It took Alexa Plano 17 hours to get to spend five minutes with one of her golfing idols.
Plano, 11, is no slouch in golf — she is the reigning national “Drive, Chip and Putt” girls champion for her age group.
As she took a seat Tuesday in the media center to listen to top-ranked Lydia Ko, she looked every bit her age — giddy and star-struck.
Soon after Ko finished, Plano walked up on stage to meet the Kiwi star, who is the favorite at this week’s KPMG Women’s PGA Championship at Sahalee Country Club.
“She is definitely an inspiration,” said Plano, who is from Lake Worth, Florida. “She says she tries to be an approachable person, and she has an amazing personality.”
After a few photos with Ko, Plano blushed.
“She is Lydia Ko,” Plano said. “There are no other words to describe her.”

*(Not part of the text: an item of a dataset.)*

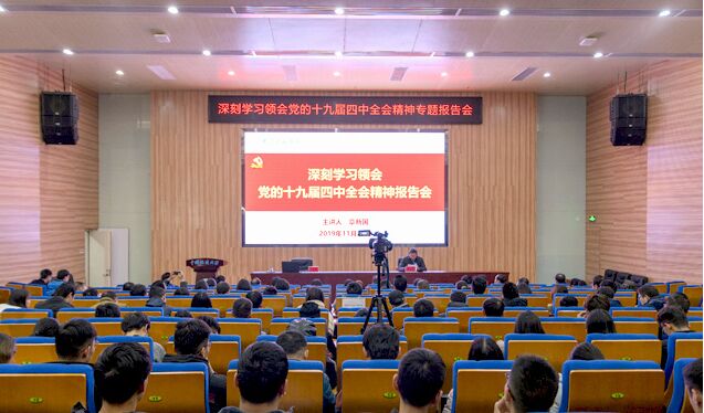 (记者霍少孟)11月28日,深入学习领会党的十九届四中全会精神专题报告会在世界杯官网报告厅举行,湖北省委宣传团成员、湖北省委政策研究室副主任章新国同志作宣讲报告,世界杯官网全体院领导、院直支部、信安支部、网工支部、部分学生支部的党员和新校区各学院260余名干部师生聆听报告。校党委副书记、纪委书记成金华主持报告会。
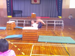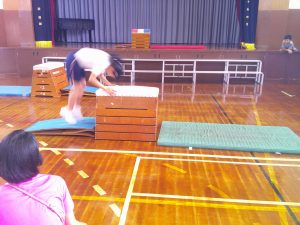 5年生は学習発表会に向けて、跳び箱とマットの練習をしていました。「はい」と手を挙げて、演技する姿がよかったです。難しい「頭はねとび」の技も上手になりました。準備や片付けも自分たちで頑張っています。当日が楽しみです。頑張って練習を続けてください。

Or just about every other word to describe this new virtuoso of women’s golf has already been exhausted.
But here’s the catch: See the two-time major winner now, because she does not plan on sticking around the sport all that much longer.
She already has a retirement age, in fact.
“Not 30s,” she said. “30.”
Of course, Ko just turned 19 last month, so her swan-song tour is 11 years away.
“It’s already my third year on (the LPGA) Tour. It’s gone by really fast,” Ko said. “In the back of my mind, I think when I get to 27, 28, I’m going to go, ‘Wow, in two years … I’ll reach my goal of retirement age.’
“But just because I’m going to retire from playing at that time, it doesn’t mean I’m going to go away from golf and not see golf ever again.”
If she sticks to that plan, Ko has a finite amount of time to accomplish the lofty goals she has set for herself — more major wins and lots of weeks as the No. 1 player in the world.
Look at what she has already accomplished. She has captured the past two major tournaments — the 2015 Evian Championship and the 2016 ANA Inspiration.
At last year’s Evian Championship, Ko became the youngest woman (18 years, 4 months, 20 days) to win a major, and she shot the lowest single-round score in women’s major championship history (a final-round 63).
Ko already has 17 professional wins, including 12 on the LPGA Tour. And she has made an astounding 75 cuts in 76 Tour starts.
“There’s not many bad things you can say about a girl that’s No. 1 in the world (who) is just absolutely killing us on the golf course,” American Gerina Piller said. “She’s just great for our Tour. It’s just impressive that she can come out here week in and week out and (perform well).
“I’m still working on my first win. Maybe it just comes easier for others.”
It is pretty obvious Ko has reached superstar status. She played her pro-am round Tuesday with former Mariners and future Hall of Fame outfielder Ken Griffey Jr., former U.S. Secretary of State Condoleezza Rice and KPMG chief executive officer John Veihmeyer.
Earlier this week, Ko joined actor Don Cheadle, his wife, Bridgid Coulter, and some of his friends for dinner in downtown Seattle.
Recently, Ko was named one of the 100 most famous athletes in the world by ESPN.
“It’s really cool to be in that position,” Ko said.
As the new face of women’s golf, Ko does limit her access to the public. You can’t just walk up to her and chat with her for 20 minutes.
But she says she aspires to be the best role model for younger players — like Pano, for example.
“Obviously I would love for somebody to say, ‘Hey, you played great today,’ or ‘Your putting was amazing,’ or whatever. But to me, the most favorite thing to hear is for a junior to come up and say, ‘Hey, you’re my role model, I want to be like you,’ ” Ko said.
“It pushes me to get better. And it makes me enjoy it more and more.”
Ko also is savvy enough to take a few jabs from LPGA Tour chief communications officer Kraig Kann, who sat with her during her a news conference Tuesday — and roll with them.
“Life moves quickly,” Kann said. “I want to focus on you at 30 in that rocking chair.”
“With a walking stick,” Ko added with a smile.